### Task statement
Copy the following data exactly and drop the pictures.

Records from a data source:
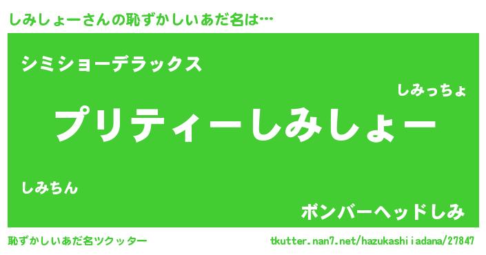 | 男性向けラノベタイトル風あだ名 | 『シミショーアートオンライン』 |
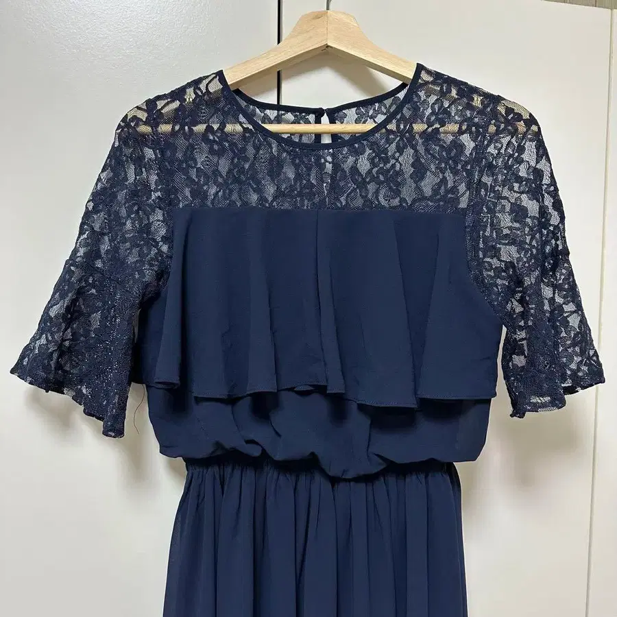 레이스와 프릴이 특징인 원피스입니다. 올해 2월에 결혼식에서 한 번 착용하고 보관하고 있었습니다. 색상: 네이비 레이스 부분은 사진으로는 잘 모르실 수도 있지만, 라메가 들어 있어 반짝반짝 빛납니다. 사진 ②: 앞 사진 ③: 이후 ★접어서 방수 봉투 + 상자에 넣어 발송합니다. 신장 158cm에 펌프스(힐 포함)를 신으면 발목이 살짝 보일 정도였습니다. 허리는 밴딩으로 되어 있어 넉넉하게 입을 수 있습니다. 결혼식 드레스 원피스 마터니티 드레스 색상···네이비 계열 무늬···꽃무늬 계절···봄, 여름 얼룩, 찢김, 냄새 등···없음
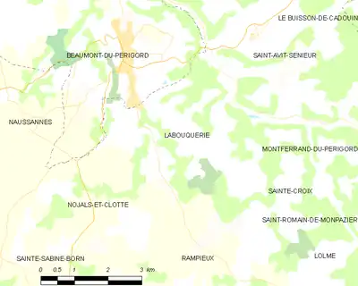 En 2015, année précédant la création de la commune nouvelle de Beaumontois en Périgord, Labouquerie était limitrophe de cinq autres communes.
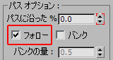 [パス オプション](Path Options)領域で[フォロー](Follow)をオンにします。
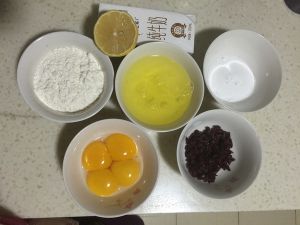 准备材料,蛋清蛋黄分离,蔓越莓干切碎。
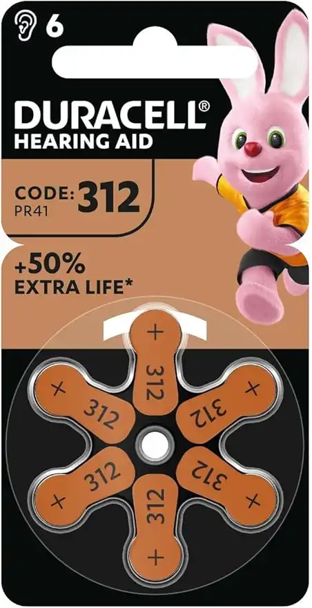 Duracell Hearing Aid Batteries Size 312 6-Pack
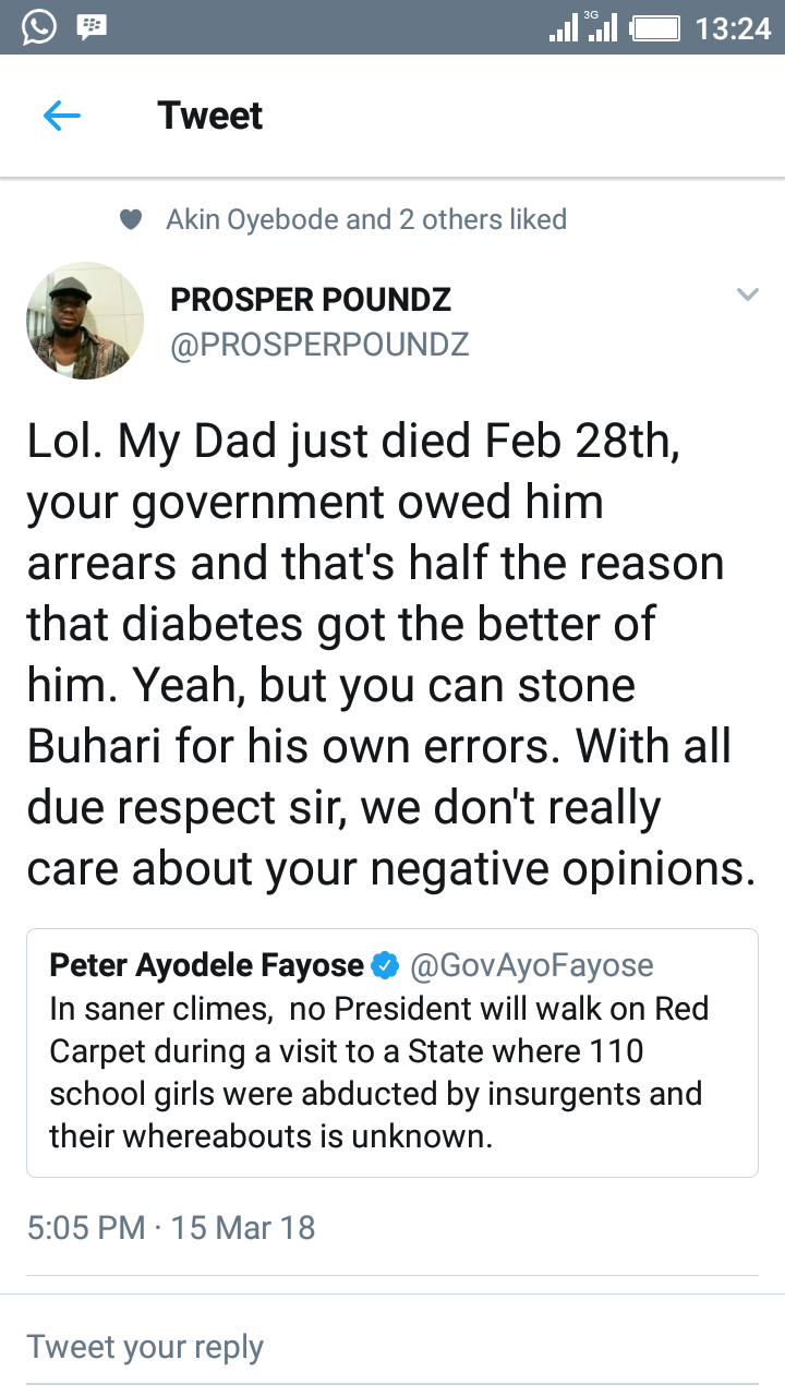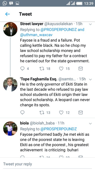 Ekiti people are now coming down very hard on Fayose on twitter. His days of masking his government’s failure by attacking Buhari is over.

### Answer to this task
 | 男性向けラノベタイトル風あだ名 | 『シミショーアートオンライン』 |
 레이스와 프릴이 특징인 원피스입니다. 올해 2월에 결혼식에서 한 번 착용하고 보관하고 있었습니다. 색상: 네이비 레이스 부분은 사진으로는 잘 모르실 수도 있지만, 라메가 들어 있어 반짝반짝 빛납니다. 사진 ②: 앞 사진 ③: 이후 ★접어서 방수 봉투 + 상자에 넣어 발송합니다. 신장 158cm에 펌프스(힐 포함)를 신으면 발목이 살짝 보일 정도였습니다. 허리는 밴딩으로 되어 있어 넉넉하게 입을 수 있습니다. 결혼식 드레스 원피스 마터니티 드레스 색상···네이비 계열 무늬···꽃무늬 계절···봄, 여름 얼룩, 찢김, 냄새 등···없음
 En 2015, année précédant la création de la commune nouvelle de Beaumontois en Périgord, Labouquerie était limitrophe de cinq autres communes.
 [パス オプション](Path Options)領域で[フォロー](Follow)をオンにします。
 准备材料,蛋清蛋黄分离,蔓越莓干切碎。
 Duracell Hearing Aid Batteries Size 312 6-Pack
 Ekiti people are now coming down very hard on Fayose on twitter. His days of masking his government’s failure by attacking Buhari is over.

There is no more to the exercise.